Wangechi Mutu is propping up the market all by herself.

Wangechi Mutu makes up the vast majority of Kenyan art sales. Photo: Presley Ann/PatrickMcMullan.com.

A recent report in the Financial Times predicting that the Kenyan art market is on the cusp of a boom is overstated, according to data from artnet’s Price Database.

The article reported that the gradual cultural liberalization under president Mwai Kibaki in the 2000s provoked a generation of artists to tackle more controversial and challenging subjects—both in terms of content and style, encouraging collectors’ interest.

Additionally, an annual auction of east African art at the Circle Art Agency in Nairobi is reportedly fostering a market for East African art.

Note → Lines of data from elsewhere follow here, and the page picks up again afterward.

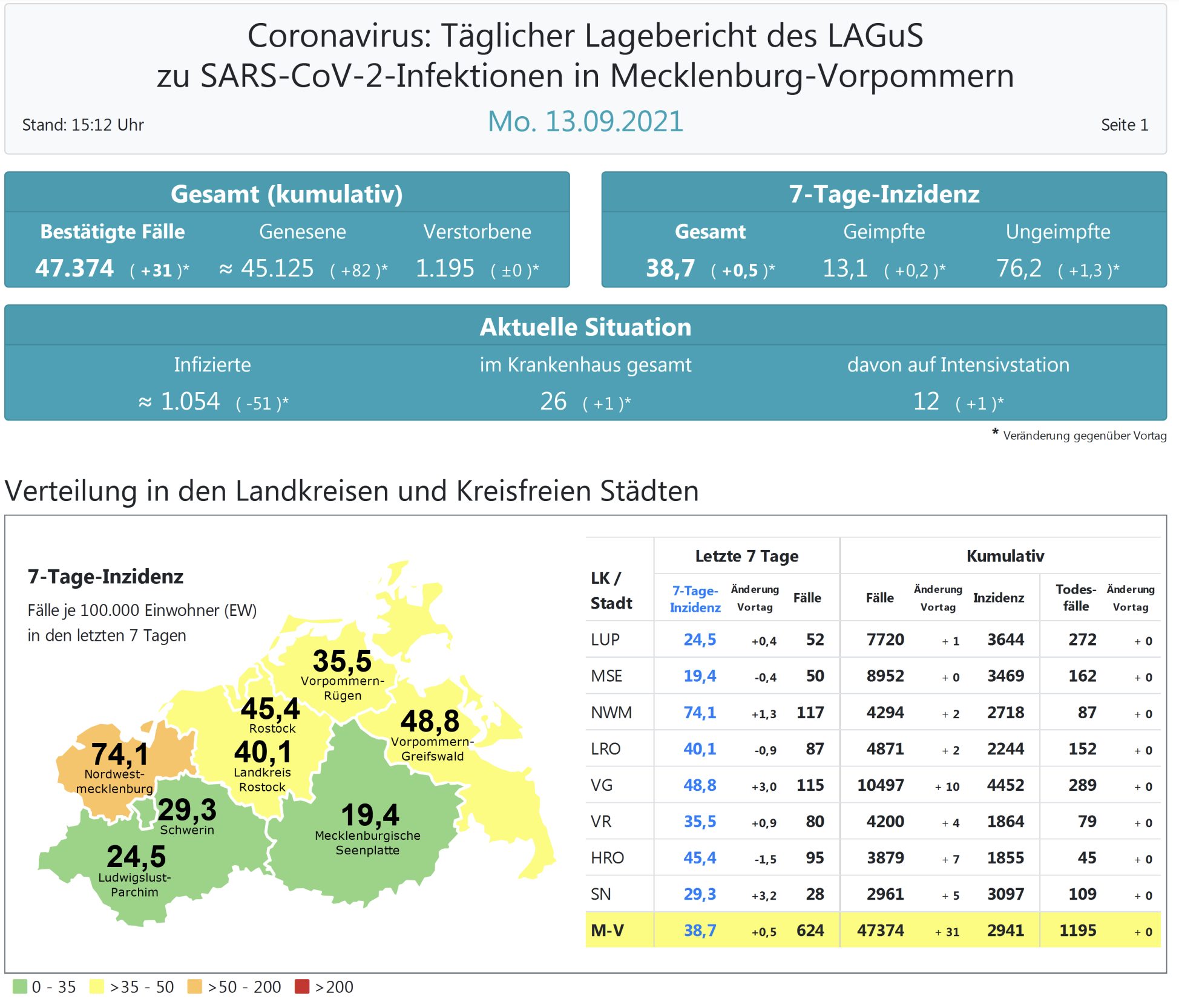 Der Inzidenzwert von ganz Mecklenburg-Vorpommern ist leicht gestiegen und liegt heute bei 38,7 (gestern 38,2). Das Land Mecklenburg-Vorpommern meldet heute 31 Neuinfektionen und keinen neuen Todesfall. Die höchste Inzidenz im Land hat der Landkreis Nordwestmecklenburg mit 74,1.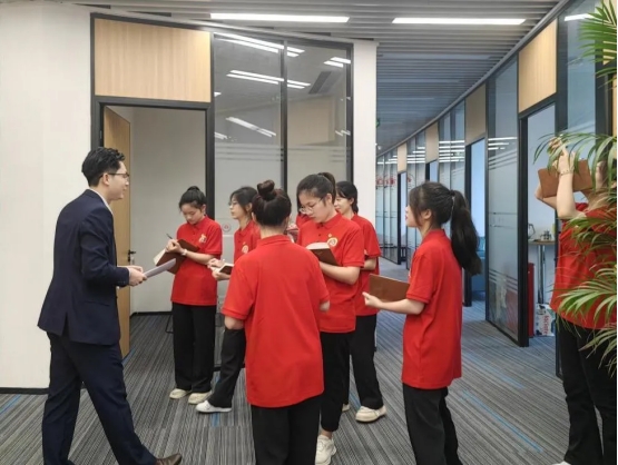 2010年成立的广东华宪润科律师事务所,是一家以不动产法务为主要业务的普通合伙制律所。在陈曼兴律师的带领下,队员们参观了律所的前台、会议室、洽谈室、卡座区、茶水间、财税中心、合伙人办公室和主任办公室等办公环境。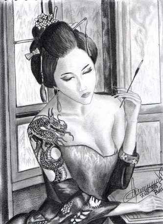 tattoo sketch in Japanese style , pencil 4H and 8Babout 14 hours

However, the data indicates that the Kenyan art market—which is already tiny—is in fact shrinking. Since 2005, the total volume of sales of Kenyan artists at auction has totaled only $33.9 million. Without the sales of international star artist Wangechi Mutu, that figure drops to $7.6 million.

The market peaked in 2007, at a total auction sales volume of $6.8 million. Without the sales of Mutu, that figure falls to a peak of $1.7 million, achieved in 2012.

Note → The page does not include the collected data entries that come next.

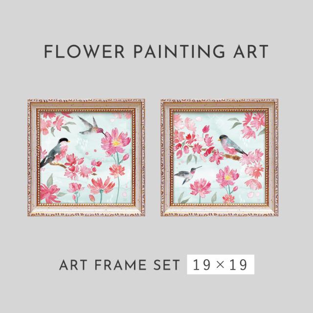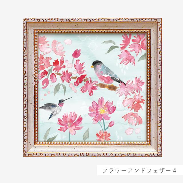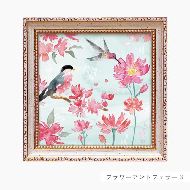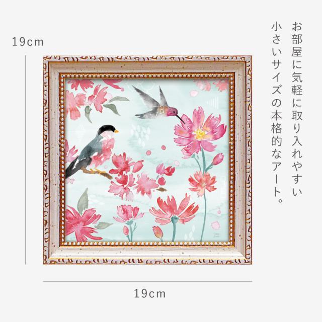 アートパネル 花 19×19cm 小さい アート パネル 壁掛け 額入り フレーム付き インテリア 花の絵 おしゃれ モダン 玄関 ディーナ ジューン フラワーアンドフェザー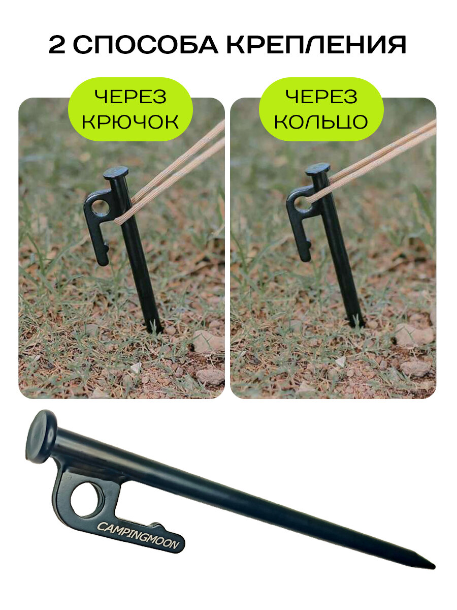 Они обеспечивают надежную фиксацию палатки или тента, предотвращая их случайное перемещение под воздействием ветра или других внешних факторов. У головок есть 2 способа крепления – веревкой или шпагатом через крючок или через специальное отверстие. Подойдут для тех, кто любит путешествия, походы или рыбалку с палаткой. Можно использовать для кемпинга, туризма, а также в качестве садовых и дачных колышек.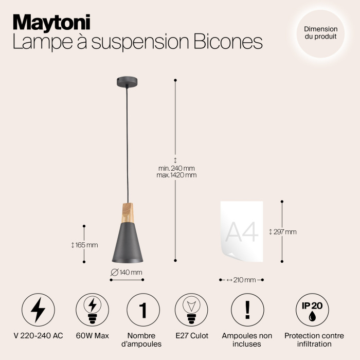Подвесной светильник P359-PL-140-C изготавливается брендом Maytoni из коллекции Pendant. Габариты: высота 165 мм, диаметр 140 мм. Светильники Maytoni P359-PL-140-C изготовлены с использованием высококачественных и прочных материалов, таких как: Металл,Дерево, плафон - Металл.

Despite Nairobi's rich cultural scene, the Kenyan art market has some catching up to do. Photo: Wikimedia Commons.

Despite Nairobi’s rich cultural scene, the Kenyan art market has some catching up to do. Photo: Wikimedia Commons.

Since 2012, when auction sales for Kenyan artists totaled $4.3 million, the market has steadily contracted, achieving $1.7 million in 2013, $3.2 million in 2014, and $1.7 million in 2015. Halfway through 2016, the market for Kenyan artists had totaled only $465,000.

Additionally, the number of Kenyan artists trading at auction is also very small, pointing towards a serious lack of diversity in the market. In 2007, when the market peaked at $6.8 million, those numbers were achieved by the cumulative sales of only four artists: Mutu ($5.4 million), Magdalene Odundo ($1 million), Simon Combes ($259,200), and Robert Glen ($92,802). Nine years later, two of the three artists with auction sales in 2016 are the same, Mutu and Odundo—Paul Onditi is the third.

However, as Giles Peppiatt, an African art expert at Bonham’s, pointed out to the FT, “Just because they are not fetching £100,000 a picture does not mean they are lesser. The trouble is, everyone expects everything to follow the trajectory of Chinese contemporary art. The market has cooled distinctly since those days.”

That is certainly true, but in terms of the market, Kenya still has a lot of catching up to do if it is to become a player in the African continent.